Thanks for the solid advice.
That will be my approach.

Pics to follow.

It's D day.
Sergeant at Arms
Weird 80's Vespas & Cool Vintage Lambrettas
Joined: 21 Oct 2005
Posts: 7265
Location: The state of insanity, SoCal
Fri Mar 01, 2019 3:28 pm quote
charlieman22 wrote:
Greasy - your a star!
Thanks for the solid advice.
That will be my approach.

Pics to follow.

It's D day.
Nice. Hit me up if you need some parts, I’ve got all that fuel system stuff and if you pull the tank and bring it over I’ll r&r the tap so that you don’t have to buy the tool.

Holler!

-g
Sergeant at Arms
Weird 80's Vespas & Cool Vintage Lambrettas
Joined: 21 Oct 2005
Posts: 7265
Location: The state of insanity, SoCal
Fri Mar 01, 2019 3:31 pm quote
Moto64 wrote:
That brake lock thing is pretty ingenious , I think.
The ordinary of one man is the insanity of another.

~Confucius or some shit
Addicted
Joined: 26 Jan 2019
Posts: 514
Location: california
Fri Mar 01, 2019 11:53 pm quote
Damn guys - thanks for the input.
Some pretty savvy guesses.

Greasy - awesome - will do.

All:
Had a general a poke around.
Here are the first pics.
1. The delamed white walls are what is looking so scary on the tires (see pic) - its a white wall kit added to std tires (which is used in Indonesia pretty widely).
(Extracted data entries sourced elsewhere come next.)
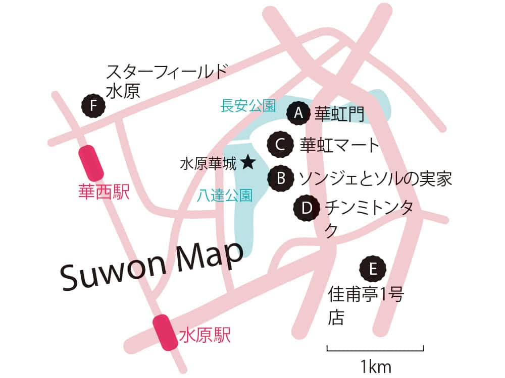 水原駅からバスで15分のところにある水原華城の北水門「華虹門」。ソンジェがソルに告白するシーンが印象的な撮影場所。目の前には水原川が流れ、韓国の美的建築を体感できる貴重な場所。夜間はライトアップも綺麗ですよ。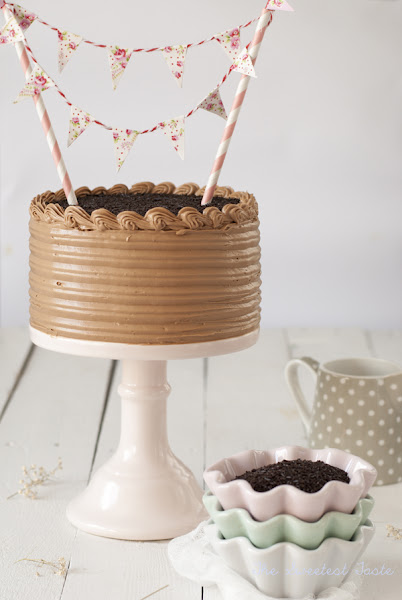 Para montar la tarta, colocamos el primero de los bizcochos sobre el plato y una porción de crema. Colocamos el segundo bizcocho y otra porción de crema. Terminamos con el último bizcocho y cubrimos toda la tarta con una capa fina de crema para sujetar las migas. Refrigeramos la tarta hasta que la crema se ponga dura.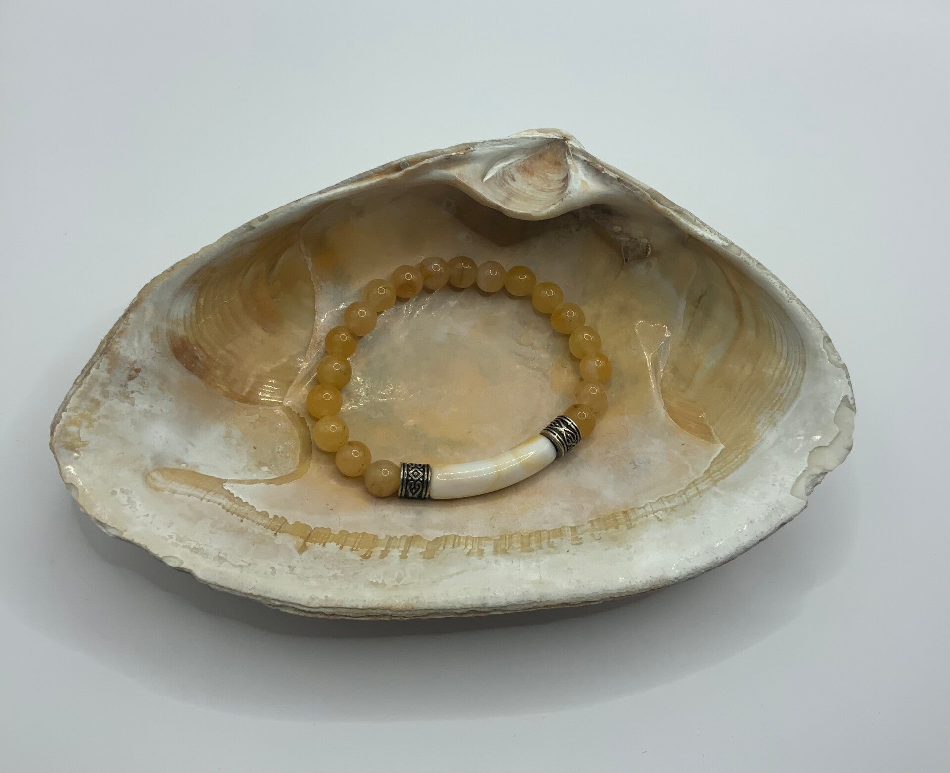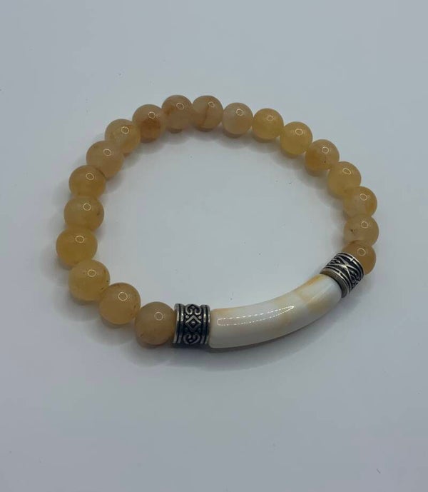 Genuine agate beads are accented with antique metal spacers that flank a white/gold tube bead. This is made for a size 6 1/2" wrist.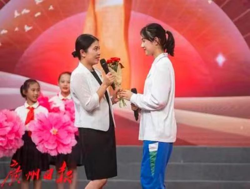 在颁奖仪式上,何泓老师的女儿为妈妈献花,并表示妈妈永远是她和弟弟的骄傲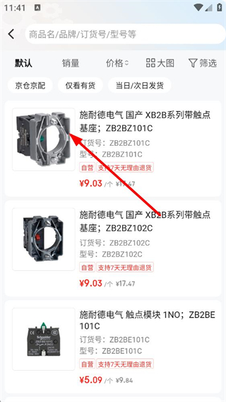 2、商品列表頁面,可通過銷量、價格等維度排序,或篩選京倉京配等條件,選擇目標商品如施耐德電氣基座并點擊進入詳情頁。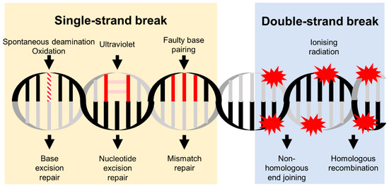 The DDR consists of a myriad of events triggered through multiple pathways to minimize the potentially catastrophic effects of DNA lesions [4]. Given the vital role of DNA in living cells as well as its susceptibility to various sources of damage due to its large intricate structure, the protective mechanisms required to ensure genome stability are unsurprisingly complex and involve interactions between different processes. If the DNA damage encountered is deemed irreversible, the DDR ultimately results in cell death, preventing mutagenic effects such as tumorigenesis [5]. Conversely, sublethal DNA damage can be reversed via the DDR, with the mechanisms divided into the single-strand break (SSB) and double-strand break (DSB) repair, as determined by the extent of sustained lesions (Figure 1).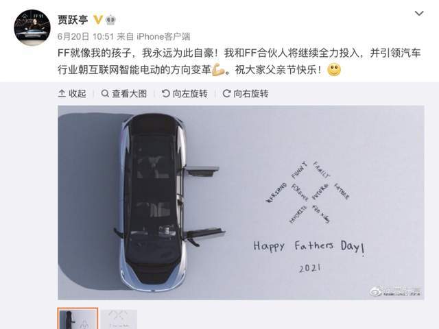 值得注意的是,从2017年到2020年,FF自发布首款产品 FF 91以来,预订的数量已经超过了6万,但是令人不解的是交付时间屡屡变更,至今没有交付哪怕一辆汽车,因此也受到了很多的质疑和非议。今年的父亲节,贾跃亭发了一条微博,内容让人看了异常感动,大体意思为:FF像是他的孩子,他会永远为此感到自豪,在今后的日子里,他会和合伙人继续全身心的投入,并希望能够引领整个汽车行业朝着互联网智能电动这个方向进行变革”,作为贾跃亭翻身的最后筹码,贾老板在上面倾注的心血可想而知。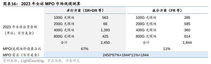 定量测算:2023年全球MPO市场空间约18亿美金。布线解决方案厂商罗森伯格(未上市)曾梳理过数据中心光模块在进行结构化布线组网的条件下,不同传输方案的光模块与布线成本的配比。根据其结论,以某400G数通光模块组网的典型场景为例,当采用400G CWDM方案时(即波分,如400G FR4等),光模块在总成本中的占比约90%,光纤连接器成本占比约10%,即光纤连接器的采购金额约为光模块的11%;当采用400G PSM方案时(即并行,如400G DR4等),光模块在总成本中的占比约60%,光纤连接器成本占比约40%,即光纤连接器的采购金额约为光模块的67%。我们以该典型场景为假设,结合LightCounting发布的2023年全球100G~800G数通光模块出货金额(未考虑40G及以下低价值量型号),测算全球MPO市场规模约18.4亿美金,约占数通光模块出货金额的43%。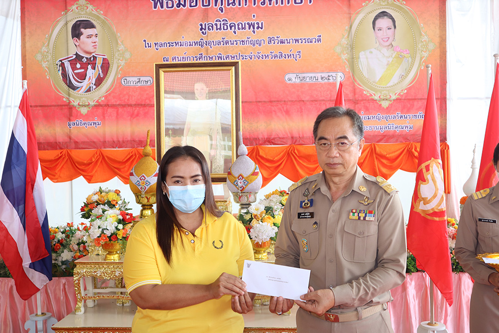 วันที่ 1 กันยายน 2566 เวลา 09.30 น. นายสุพจน์ ยศสิงห์คำ ผู้ว่าราชการจังหวัดสิงห์บุรี นายกเหล่ากาชาดจังหวัดสิงห์บุรี เป็นประธานพิธีมอบทุนการศึกษาสำหรับเด็กออทิสติก และเด็กพิการในมูลนิธิคุณพุ่ม ปีการศึกษา 2566 จำนวน 115 ทุน ๆละ 5,000 บาท ณ อาคารเอนกประสงค์ ศูนย์การศึกษาพิเศษประจำจังหวัดสิงห์บุรี โดยมี นายสัมฤทธิ์ กองเงิน นายวราดิศร อ่อนนุช รองผู้ว่าราชการจังหวัดสิงห์บุรี นางจิราภรณ์ กองเงิน รองนายกเหล่ากาชาดจังหวัดสิงห์บุรี นายปัญญา ใช้เฮ็ง นายอำเภอเมืองสิงห์บุรี นางอารีย์ ศีกดิ์ดามพ์นุสนธิ์ นางรัชนี ภูวเศรษฐ ผู้ช่วยนายกเหล่ากาชาดจังหวัดสิงห์บุรี ผู้บริหารท้องถิ่น ผู้บริหารการศึกษา ข้าราชการ ครู เจ้าหน้าที่เหล่ากาชาดจังหวัดสิงห์บุรี นักเรียน และผู้ปกครอง ร่วมพิธีดังกล่าว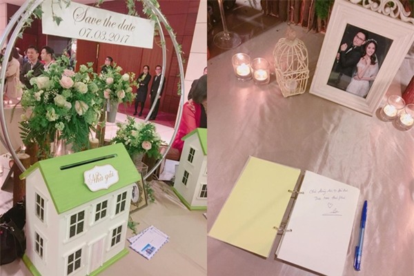 Sau lễ rước dâu, gia đình Hoàng Anh đã tổ chức tiệc đãi khách vào 11h30 cùng ngày tại Trung tâm Hội nghị quốc gia Hà Nội. Không gian tiệc cưới được trang hoàng lộng lẫy với hoa hồng làm chủ đạo. Tại sảnh lớn, bộ ảnh cưới thực hiện tại Sài Gòn của vợ chồng Á hậu Hoàng Anh - Đức Anh được trưng bày với nhiều khoảnh khắc ngọt ngào của đôi trai tài gái sắc.

They are wasted - and I will get rid of them and inspect the tires closely for damage to the rubber from gluing. They will get replaced in near future as well - will need tubeless to handle torque from hub motor - stems will likely rip on tubes.
2. The thing on the front fender seams to be a combo parking break and break tension adjuster - you guys nailed that one. It moves with the click click clicking of a high end watch bezel - feels kinda nice - and it works - if not the most elegant detail...
3. Some of that other crazy stuff draped off the front mud guard like mardi gras - is for attaching to a damper that is on the side car. See pic with arrow.
4. 3" piece of sheathing bodged on the end of the cable - what were they thinking? - is actually on the tension adjustment cable - not break cable. Seriously - I can't imagine why anyone would have done that - but I gotta say - given the build quality of the bike - that one looks like some good ole southern California DIY owner bodgery - not Indo restore. Will address right off the bat.
5. Fixed the key. I will update the separate post so people can find the solution quickly if they have the issue. Patience and silicone - not wd 40. See it here if looking: 62 VBB Key won't turn - ideas?
6. That whacky metal armature at the clutch cable is a complete mystery. On closer inspection - it doesn't seem to be doing ANYTHING. kinda suspect it was added to hold something additional that's no longer there?? maybe related to side car? Guesses anyone?! (see pics).
7. Greasy - you nailed the clutch. Seems to be a lil sticky... Gonna have to deal with that one in all likelihood. Good call. I'll start with the tank first.
8. Some good news. Shut off gas and kicked her over. Deep throated chug chug chug from the motor - lotsa resistance from the kick starter. We have compression.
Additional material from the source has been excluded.